**TASK GOAL**
The copy you return must match the listing word for word and carry no pictures.

[SOURCE DATA Boundary: Start]

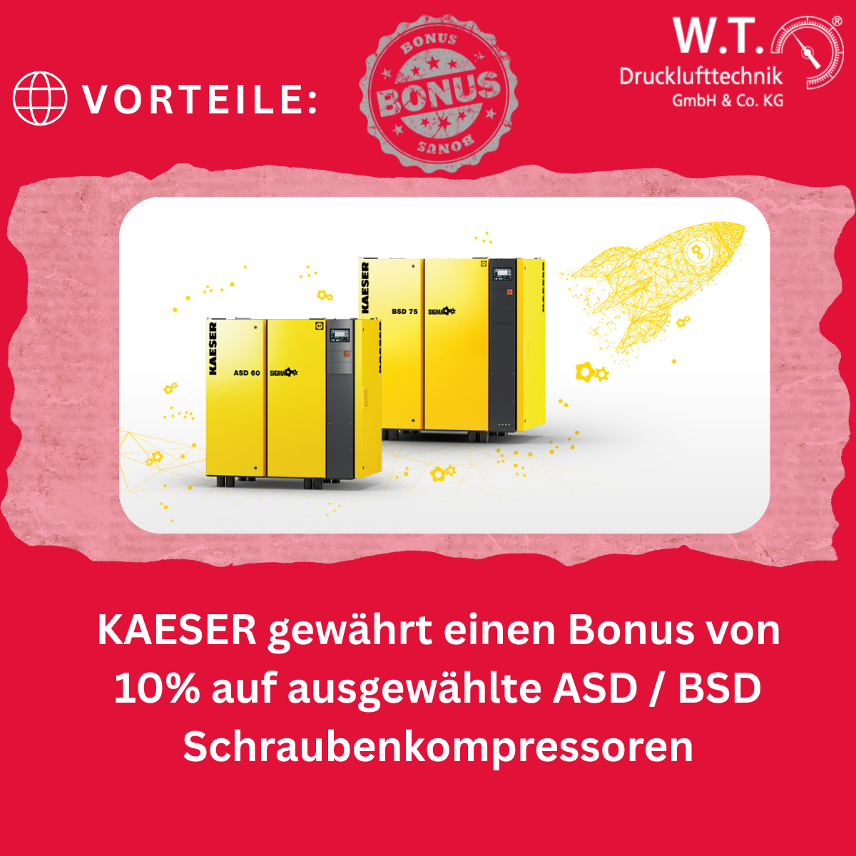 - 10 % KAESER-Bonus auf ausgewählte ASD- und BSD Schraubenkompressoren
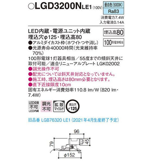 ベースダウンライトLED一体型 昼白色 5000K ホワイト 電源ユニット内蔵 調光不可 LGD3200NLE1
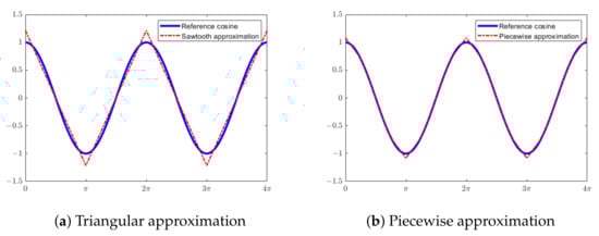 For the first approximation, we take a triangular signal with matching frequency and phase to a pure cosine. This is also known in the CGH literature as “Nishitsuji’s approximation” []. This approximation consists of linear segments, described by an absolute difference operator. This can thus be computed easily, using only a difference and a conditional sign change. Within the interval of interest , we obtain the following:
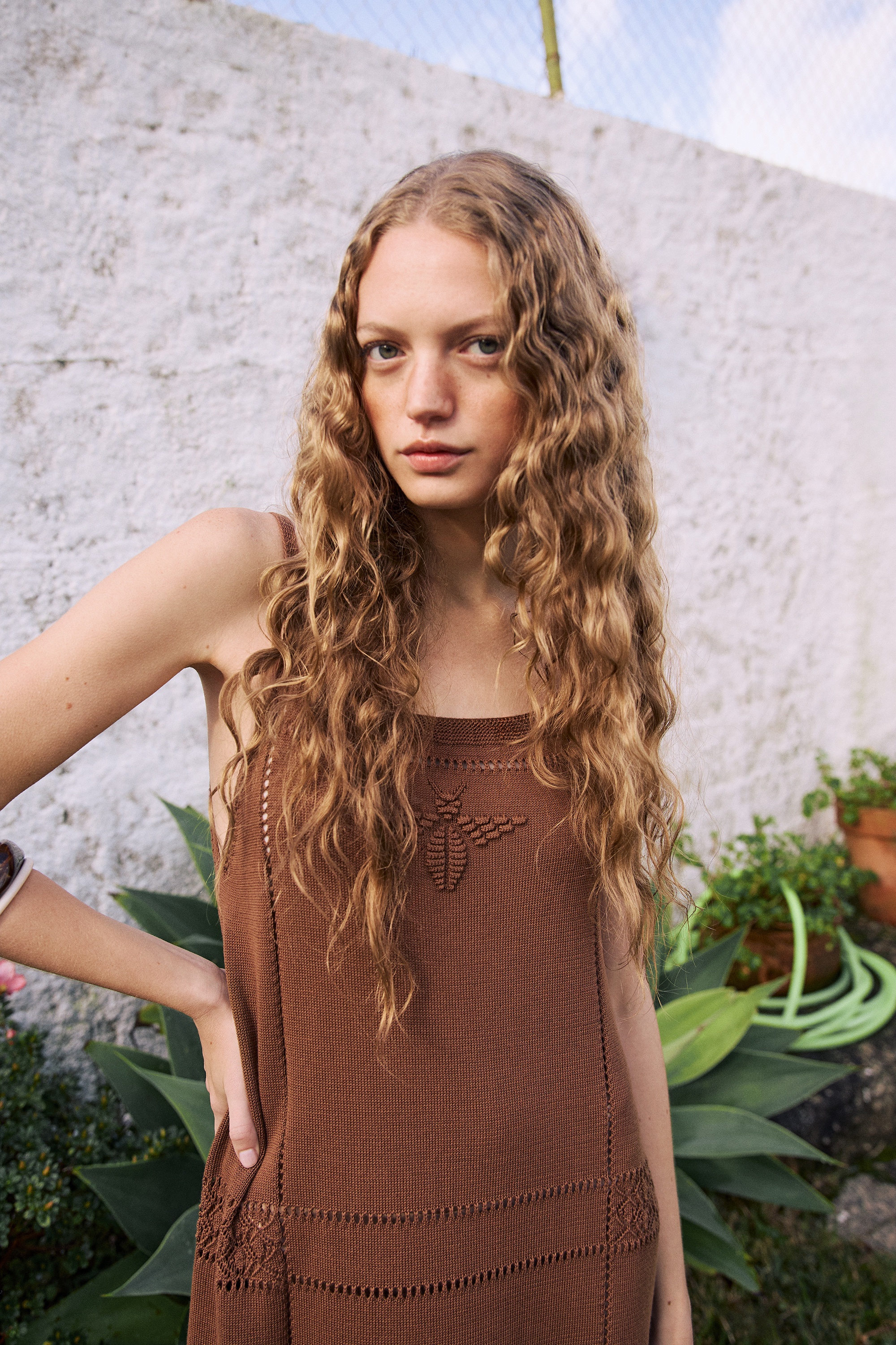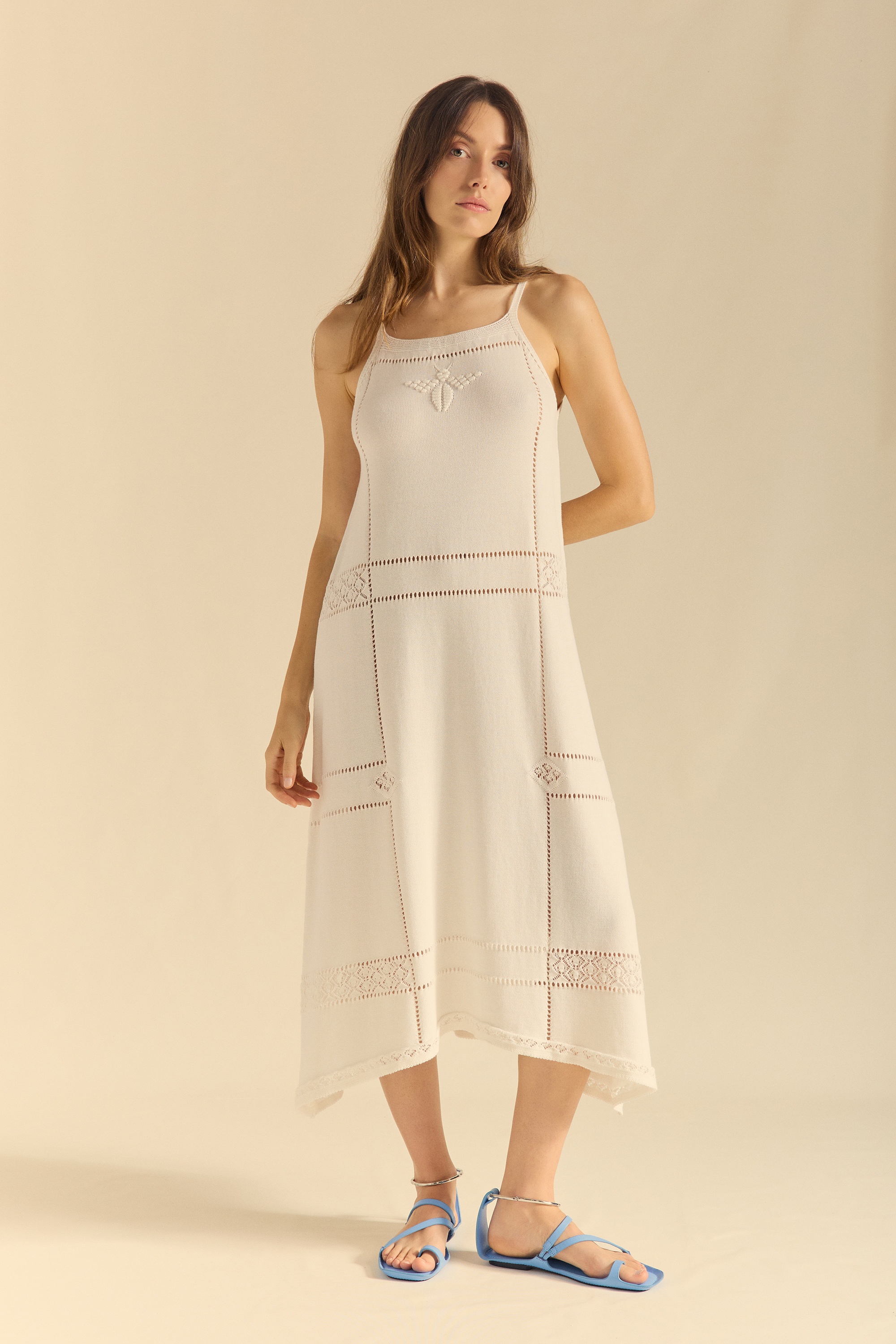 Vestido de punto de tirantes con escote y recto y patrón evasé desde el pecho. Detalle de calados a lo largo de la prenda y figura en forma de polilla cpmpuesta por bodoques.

[SOURCE DATA Boundary: End]

**WRITTEN SOLUTION**
 - 10 % KAESER-Bonus auf ausgewählte ASD- und BSD Schraubenkompressoren
 ベースダウンライトLED一体型 昼白色 5000K ホワイト 電源ユニット内蔵 調光不可 LGD3200NLE1
 For the first approximation, we take a triangular signal with matching frequency and phase to a pure cosine. This is also known in the CGH literature as “Nishitsuji’s approximation” []. This approximation consists of linear segments, described by an absolute difference operator. This can thus be computed easily, using only a difference and a conditional sign change. Within the interval of interest , we obtain the following:
 Vestido de punto de tirantes con escote y recto y patrón evasé desde el pecho. Detalle de calados a lo largo de la prenda y figura en forma de polilla cpmpuesta por bodoques.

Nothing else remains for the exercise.